A criação de um imposto sobre o rendimento de 15% para todos os contribuintes (“flat tax”) regressou à ordem do dia com as propostas que foram apresentadas nesse sentido pela Iniciativa Liberal (IL) e pelo Chega. É difícil não sentir alguma simpatia pela ideia de impostos mais baixos para uma classe média que tem sido esmagada pela carga fiscal. No entanto, a realidade é mais complexa do que isso.

Em primeiro lugar, a criação de um flat tax de 15% corresponderia a uma redução de impostos para os contribuintes que atualmente estão inseridos nos escalões mais altos do IRS, o sexto e o sétimo, que têm taxas efetivas de cerca de 31% e 43%. Como explicou há dias o antigo secretário de Estado Rocha Andrade, num artigo no “Negócios”, o flat tax de 15% reduziria a taxa efetiva de imposto para metade no caso do sexto escalão e para um terço no sétimo.

Desta forma, o flat tax proposto pela IL não penalizaria os contribuintes inseridos nos escalões mais baixos (incluindo aqueles que hoje não pagam IRS), mas beneficiaria quem tem maiores rendimentos.
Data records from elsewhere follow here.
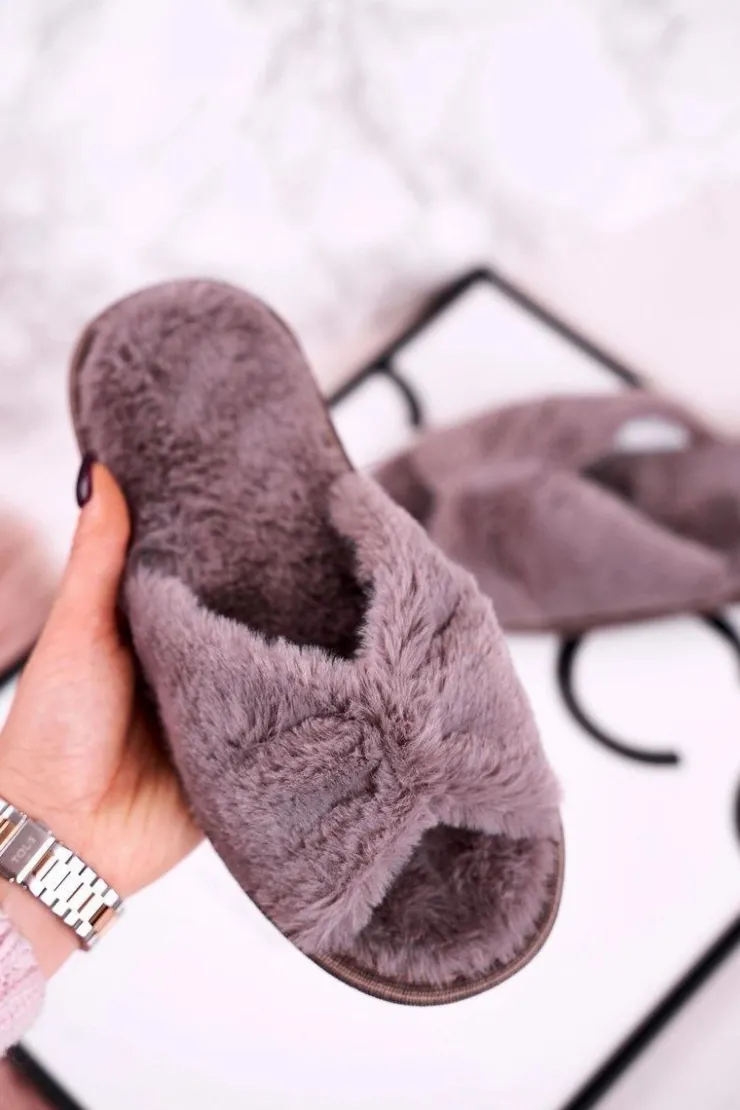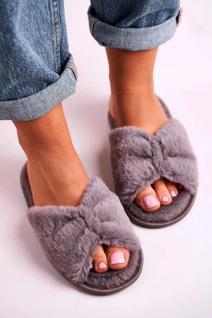 Damskie Evento Damskie Klapki Papcie Futrzane Szare Bow
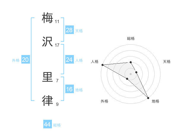 梅沢 里律さんを姓名の画数から五運を鑑定
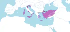 | صوليدوس مع صورة ليونتيوس (حوالي 695–698) (أنظر Byzantine insignia)العلم |
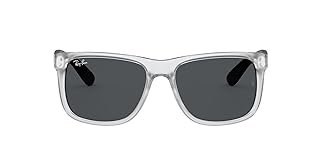 SIZING INFORMATION: This frame size is S with a hinge to hinge measurement of 126 mm. Ideal for narrow to average faces. FRAME FEATURES: Justin RB4165 reimagines the iconic Wayfarer with larger rectangular lenses for everyday wear and travel. Lightweight rubberized transparent frame delivers all-day comfort while dark grey lenses reduce glare. 100% UV PROTECTION: To protect your eyes from harmful UV rays, these Ray-Ban sunglasses include lenses that are coated with 100% UV protection. CASE & CLEANING CLOTH INCLUDED: Each pair of Ray-Ban sunglasses come with a cleaning cloth and case to clean and protect your sunglasses from scratches and damage. VISIT THE RAY-BAN BRAND SHOP: Click on the Ray-Ban link above the product title to shop the entire Ray-Ban sunglass and eyeglass assortment.

Estes contribuintes, que representam 4% dos agregados familiares, pagariam menos 1,75 mil milhões de euros em IRS. Por outras palavras, caber-lhes-iam 87,5% dos cerca de dois milhões de euros que, segundo a IL, o Estado deixaria de cobrar em impostos e devolveria à sociedade. Os restantes 250 milhões de euros (12,5% do total) seriam repartidos por 96% dos portugueses.

Naturalmente, a primeira consequência de uma redução de impostos é a descida das receitas fiscais. Há quem argumente que a redução dos impostos acaba por ter um impacto positivo no crescimento económico e, por consequência, na carga fiscal futura. Porém, no longo prazo, ninguém consegue prever os efeitos da redução de impostos, porque tal dependerá das escolhas individuais de cada cidadão, sobre a forma como utiliza o rendimento extra de que passa a dispor. Dependerá também da forma como o Estado consegue, ou não, adaptar-se à nova realidade fiscal.
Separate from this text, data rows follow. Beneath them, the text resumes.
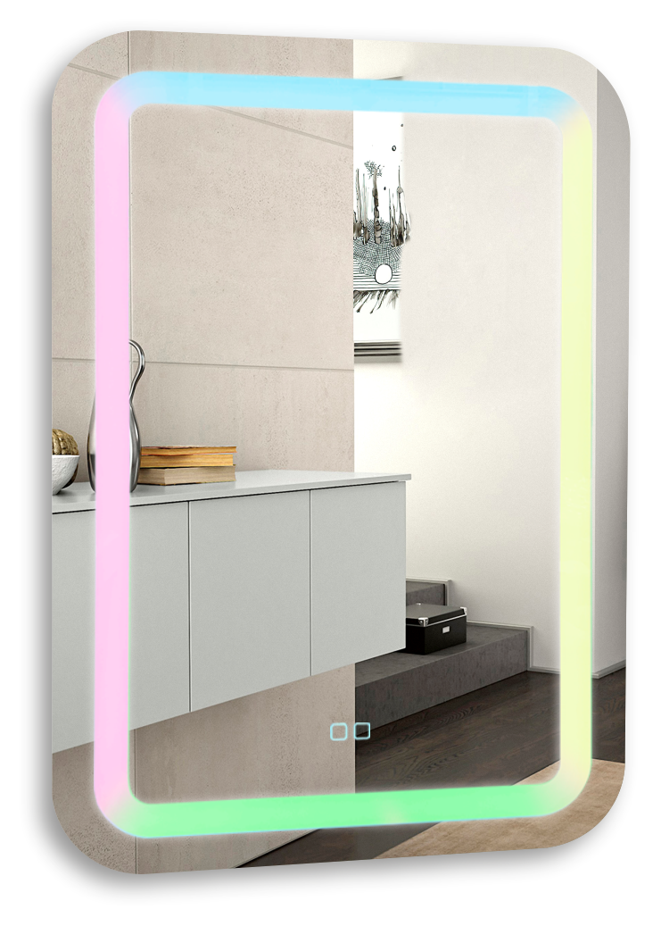 Зеркало с LED-подсветкой и выбором мультицветов. Модель сделана из стекла высшего качества M0 (влагостойкое, минимальные оптические искажения). LED-подсветка выдерживает до 50 тыс. часов работы в непрерывном режиме. Изделие оснащено 2 кнопками. Первая - сенсорный выключатель с функцией плавного диммирования, с запоминанием последнего значения. Короткие касания светящейся области включают/выключают подсветку, длительное касание меняет яркость свечения.  Вторая- выбор цвета свечения и их оттенков. Экологически чистый продукт выполненный по стандартам ЕС.
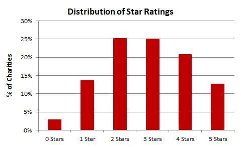 The current distribution of star ratings for all charities rated by Charity Intelligence has the majority at 2 and 3 stars.  Charity Intelligence changed from a 4-star rating to 5-star rating in October 2020.
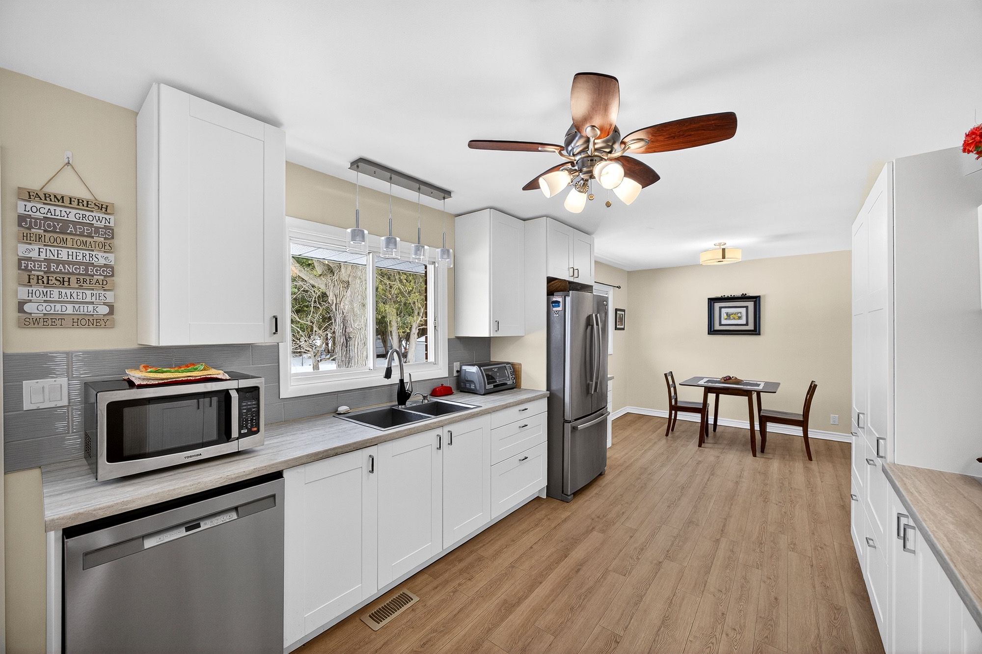 Situated in the village of carp, boasting a spacious living rm with cove ceilings & stunning moulding & trim, large gourmet kitchen w/energy saving dual fuel stove & ample storage space, work counters & integrated dining area. Hallway leads to full bathroom, 2 large bedrooms & 1 medium sized bedroom, perfect for a child or use as an office. The full basement has a recently partially remodeled area awaiting your finishing touches, a lovely new 2-pc powder rm, workshop & storage area, laundry area, gas furnace, new owned gas water heater & water softener. Outside you will find maintenance free decking at the front entrance and 20' x 16' deck in the back. The deck includes a permanently installed 12' x 12' hard top gazebo w/premium grade mosquito netting for your summer outdoor relaxation & entertainment. The garden has 2 large perennial flower beds w/a mix of native and ornamental flowers that bring a plethora of birds & pollinators. There is also a vegetable garden w/12 raised beds of various sizes. There are 2 storage sheds & a 3 bin compost area. The property has a 4 car recently paved driveway, a two car garage with a new cement floor, new insulated garage door, new chamberlain direct drive garage door opener w/battery back up to operate in a power outage. In the front yard there is a gorgeous crab apple tree that is a showstopper when in bloom in the spring, small shade flower bed & a full sun drenched bed that runs along the front of the house. The village has an outstanding medical clinic, that houses a lab, a physio facility and dental facility. There is another dentist in town as well as an excellent vet clinic for your pets. The town has several eateries, coffee shops, 2 bakeries, a nail salon, hair salons, a small rona, a yard equipment store, 2 barbershops, an lcbo & other small businesses. It is a 10 minute drive to kanata's high tech area as well as shopping & stittsville for more amenities. Home to the diefenbunker, elementary school, museum & library.
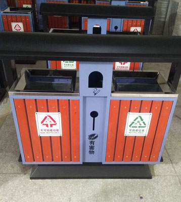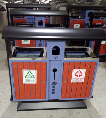 • 產品材質:戶外鋼木分類垃圾桶定制可選進口實木(防腐木.紅胡桃.山樟木等)、鋼結構、塑木等。
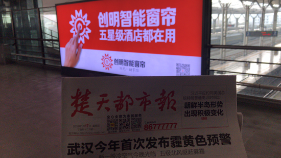 1月17日,知名窗簾品牌創(chuàng)明高鐵廣告在武昌站正式發(fā)布,由此,創(chuàng)明2018品牌推廣季正式拉開帷幕。2018年,創(chuàng)明與江蘇永達(dá)高鐵傳媒在高鐵廣告領(lǐng)域達(dá)成戰(zhàn)略合作協(xié)議。

No caso português, um corte de dois mil milhões na receita fiscal tornaria ainda mais difícil ao Estado manter serviços públicos de qualidade, nomeadamente em áreas como a saúde e a educação, tendo consequências profundamente negativas na qualidade de vida de milhões de cidadãos e agravando as desigualdades.

Será precisamente neste ponto que residem os motivos mais válidos para que olhemos com ceticismo para estas propostas. A política fiscal serve de instrumento para a correção das desigualdades, daí termos impostos progressivos. Quem defende que o Estado não tem de se preocupar com isso, que deve ser cada por si e que o mundo pertence aos mais fortes e ágeis, está a ignorar as lições do passado e do presente.

Sociedades desiguais podem ser (ou não) mais dinâmicas, mas são menos estáveis, têm mais crime e problemas sociais. Sociedades onde existem menos desigualdades  são mais estáveis, coesas e, quiçá, mais livres. Se o capitalismo liberal quiser sobreviver, não poderá ignorar o problema das desigualdades sociais, sob pena de fornecer ainda mais argumentos aos que o querem destruir. Esta será mais uma das várias lições do século XX que hoje, infelizmente, estão a cair no esquecimento.